T-Mobile USA sets its own course as 'un-carrier'

Wednesday 27 March 2013 | 15:28 CET | Market Commentary
T-Mobile USA has made a big step forward in its strategy. After its proposed merger with AT&T was blocked by regulators, the mobile operator is moving ahead with its own plans. It's helped by the spectrum and break-up fee it received from the AT&T deal. The planned merger with MetroPCS will also provide a boost, making the number four on the US mobile market (after AT&T, Verizon and Sprint) a good bit stronger. 
The company has announced a few major milestones:
  • The difference in prepaid and postpaid plans is abandoned with the new Simple Choice offering. Customers will be able to cancel the plan with a month's notice. Handset subsidies have also been dropped and replaced with direct or installment sales.
  • All the plans offer unlimited SMS and voice. Data is available in three options: 500 MB (USD 50 per month), 2.5 GB (USD 60) or unlimited (USD 70). Customers can of course also use Wi-Fi.
  • Overage fees (outside the bundle) are also a thing of the past. Instead, customers will see speeds reduced (to 2G) after using up their allowance, or they can buy another bundle of data (2GB for USD 10).
  • T-Mobile USA is also starting sales of the iPhone 5 (with LTE access).
  • The carrier is launching its own LTE network, using the 1,700 MHz band.
T-Mobile USA is looking to differentiate itself from the competition by focusing on transparency and simplicity, with the motto 'the un-carrier'. The focus is on data, with traditional services (voice, SMS) seemingly given away free. The end to out-of-bundle fees, detested by consumers in the US, is a good step. The costs for extra data are also low, at just USD 5 per GB (in comparison, Vodafone Red in the Netherlands charges EUR 0.10 per MB, equal to EUR 100 per GB or EUR 2 for a bundle of 50 MB, the equivalent of EUR 40 per GB). With the launch of the iPhone and LTE, the operator is also narrowing the gap further with the competition.
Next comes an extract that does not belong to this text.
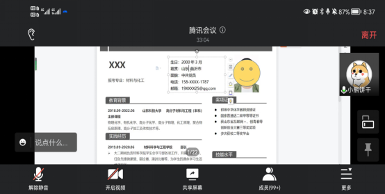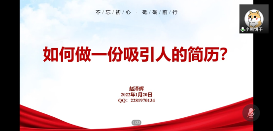 全国硕士研究生统一招生考试初试已经落下帷幕,随之而来的集中求职和考研复试给2022届毕业生提出了新的要求。为了进一步帮助同学们提升求职应试能力,1月20日,必赢3003no1线路检测中心组织了“百般磨利刃,齐心向未来”的云端简历指导培训会。此次培训会由辅导员薄艳艳主持,全体2018级学生参加。
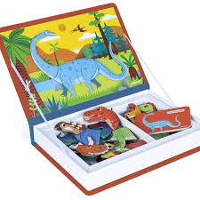 Este jogo de cartão transportará crianças a partir dos 3 anos para o reino dos dinossauros com 40 peças magnéticas e 10 cartões, cada um com o nome latino de um dinossauro. Uma vez aberto o livro, o objetivo é montar uma imagem do dinossauro mostrado no cartão usando os ímanes fornecidos. Todas as peças magnéticas são completamente intercambiáveis, para que as crianças possam divertir-se durante horas a inventar animais ainda maiores e mais assustadores do que os dinossauros reais! Ajuda as crianças a desenvolver a imaginação e a motricidade fina.

For T-Mobile's sister companies in Europe, this is an important moment, especially the countries where Deutsche Telekom has a mobile-only strategy, namely the UK, Netherlands, Austria, Poland, Albania. This new strategy can very possibly be replicated in Europe.

There is a strong likelihood this will happen in the Netherlands. T-Mobile has 1800MHz spectrum there, and it's competitors are already dropping handset subsidies. Deutsche Telekom has already said the Dutch subsidiary will position itself as an "unconventional challenger", and the above ingredients can make that a reality. Its fixed broadband unit Online.nl changes little in this, as Online can focus on Wi-Fi and VoIP apps, similar to the SmartTalk app from BT. T-Mobile can also position LTE as a replacement service for DSL. If both units of the Dutch subsidiary are allowed to compete freely with each other, the value of both will only be further maximised.